Generate embeddings during ingestion (local or OpenAI)

mv.put(
    title="Doc",
    label="note",
    metadata={},
    text="alpha fastembed test",
    enable_embedding=True,
    embedding_model="bge-small",  # local (fastembed)
)

Batch mode:

mv.put_many(
    [{"title": "Doc", "label": "note", "text": "alpha"}],
    opts={"enable_embedding": True, "embedding_model": "bge-small"},
)

Supported embedding_model values: bge-small, bge-base, nomic, gte-large, openai-small, openai-large, openai-ada.

Bring your own embeddings (precomputed)

Store embedding identity metadata so semantic queries can auto-detect the right model later:

mv.put_many(
    [{"title": "Doc", "label": "note", "text": "alpha"}],
    embeddings=[[0.1, 0.2, 0.3, 0.4]],
    embedding_identity={"provider": "custom", "model": "my-embedder-v1"},
)

Use an embedder (SDK-managed query embeddings)

from memvid_sdk.embeddings import HashEmbeddings

embedder = HashEmbeddings(dimension=32)  # deterministic offline embedder for tests
mv.put_many(
    [{"title": "Doc", "label": "note", "text": "alpha"}],
    embedder=embedder,
)

mv.find("alpha", mode="sem", embedder=embedder)
mv.ask("alpha", mode="sem", context_only=True, embedder=embedder)

Built-in embedders: OpenAIEmbeddings (OPENAI_API_KEY), CohereEmbeddings (COHERE_API_KEY), VoyageEmbeddings (VOYAGE_API_KEY), NvidiaEmbeddings (NVIDIA_API_KEY), HuggingFaceEmbeddings (local), HashEmbeddings (offline deterministic).

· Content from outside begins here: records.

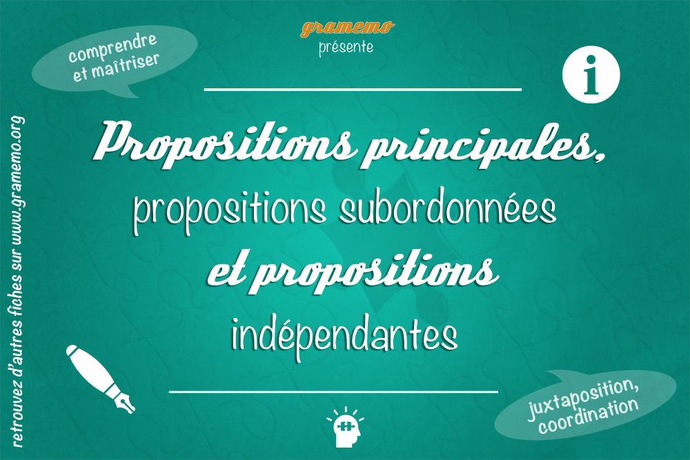 On distingue les propositions indépendantes (qui sont parfois coordonnées ou juxtaposées), les propositions principales, et les propositions subordonnées (ces dernières pouvant elles-mêmes être conjonctives complétives, conjonctives circonstancielles, relatives, interrogatives indirectes, ou même infinitives et participiales).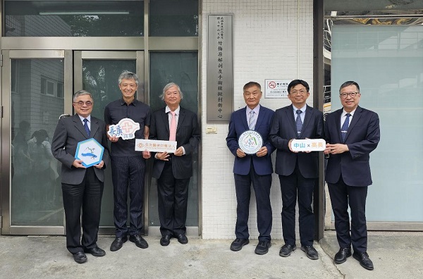 圖4:「國立中山大學—高雄長庚紀念醫院竹梅源解剖及手術模擬創新中心」揭牌啟用。左起中山大學副校長兼醫學院院長陳彥旭、高雄長庚紀念醫院院長王植熙、富林塑膠工業股份有限公司董事長王源林、天成圓滿實業股份有限公司董事長顏德和、中山大學校長李志鵬、高雄醫學大學校長余明隆。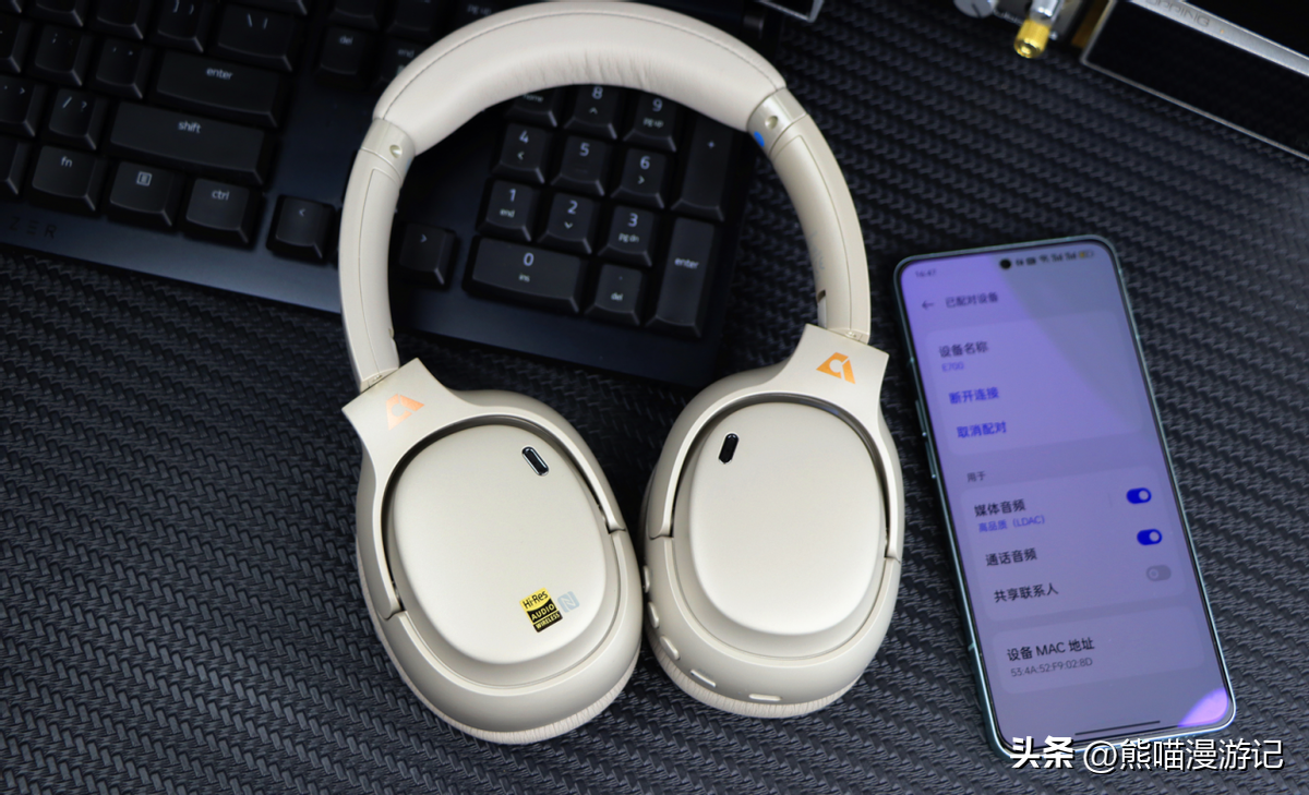 E700其实熊喵早就入手了,测评鸽了很久,一直在测试它的连接稳定性能和后期使用是否会产生低噪声,使用了一段时间后发现,E700完全听不到低噪声,背景漆黑干净,听歌也感觉不到任何延迟,连接稳定,品控还是很给力的。

from memvid_sdk.embeddings import NvidiaEmbeddings

embedder = NvidiaEmbeddings(model="nvidia/nv-embed-v1")  # uses NVIDIA_API_KEY
mv.put_many([{"title": "Doc", "label": "note", "text": "alpha"}], embedder=embedder)
mv.find("alpha", mode="sem", embedder=embedder)

Auto query embeddings (no query_embedding required)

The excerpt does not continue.